In this paper, we present an optical system for non-destructive assay of nanoscale biological particles (viruses) in fluids. This method is part of the design of a novel lab-on-chip device[1] that enables microbiologists to purify, isolate and assay mixtures of viruses without the use of destructive labeling techniques or direct observations using electron microscopy.

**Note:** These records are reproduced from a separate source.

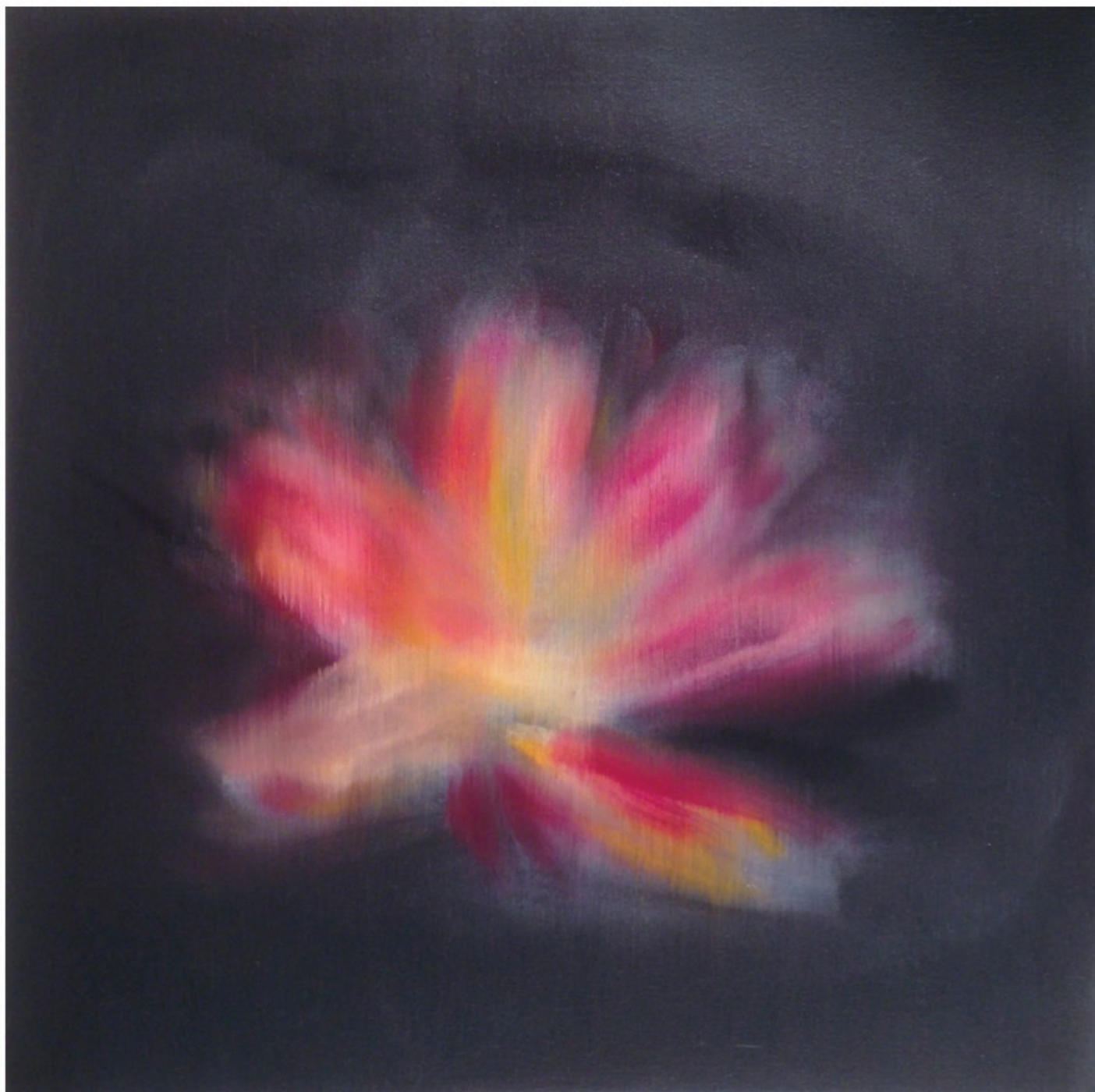
Black Monet, 2014 Olje na platnu 45.7 × 45.7 cm
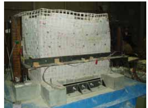
Fig. 7 Retrofitted model after Run 61
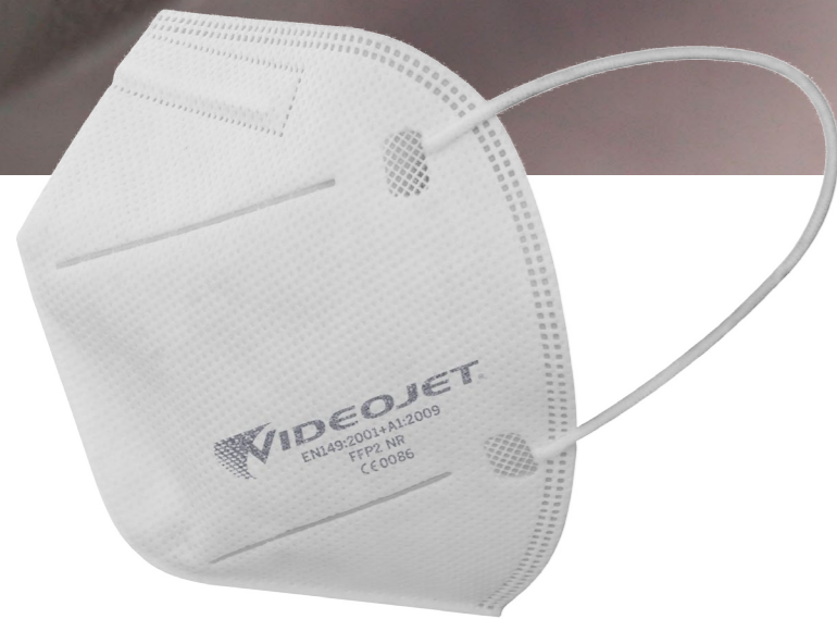
Medical masks (FFP2, FFP3, N95, KN95)
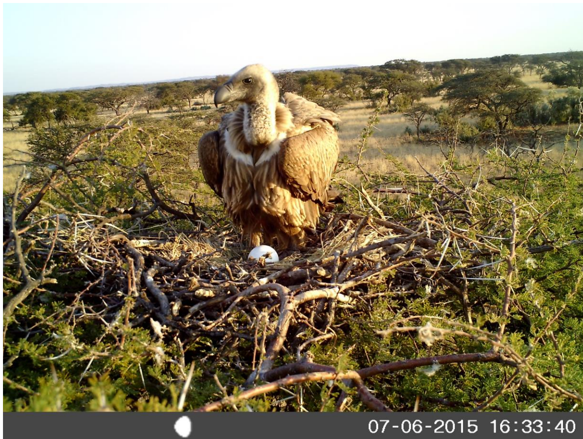
Figure 1: Camera trap image of an African White-backed Vulture Gyps africanus at its nest. Image shows the solo breeding bird.
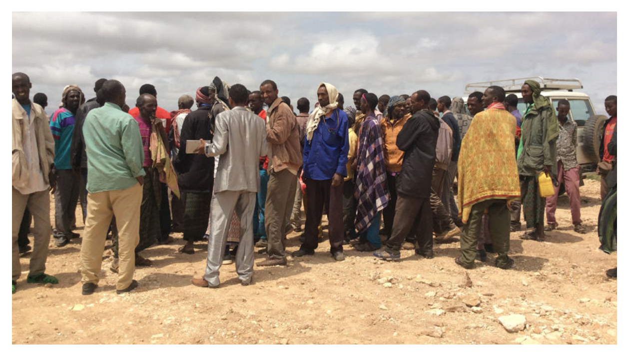
Community members of Kebreahmed Kebele in a meeting

Somali people are the most drought-affected and vulnerable community in Ethiopia. In addition, they have suffered from a lack of inclusive development for a long time and the region has remained one of the least developed in the country, named the 'emerging region.' The main economic activity of the Somali community is animal production with minimal support from crop production. It is often not enough and due to

Our approach is based on the fabrication of large (103 scale) and very dense (100nm scale) electrode arrays using the semiconductor layers of a lab-on-chip die. This array, see Figure 1, is the platform for dielectrophoresis (DEP) based methods for sorting the mixtures of bioparticles and arranging the particles by type into groups at various regions of the electrode array. Based on the DEP field configuration, each group of particles organizes into a set of lines between specific pairs of electrodes with the lines repeated in a spatially periodic pattern. These lines of particles, shown in Figure 2, along with the electrodes themselves, form a diffraction grating, where the efficiency of the grating is directly related to the density of the particles captured between the electrodes. By measuring the optical power in the 1st order diffraction mode of the grating before and after a separation (with and without particles) we can make an indirect measurement of the density of particles trapped in that region of the electrode array. The method works in both reflective mode, for CMOS 3D-IC chip stacks (Figure 1) or transmissive mode for SoS-based transparent substrate devices (Figure 3a).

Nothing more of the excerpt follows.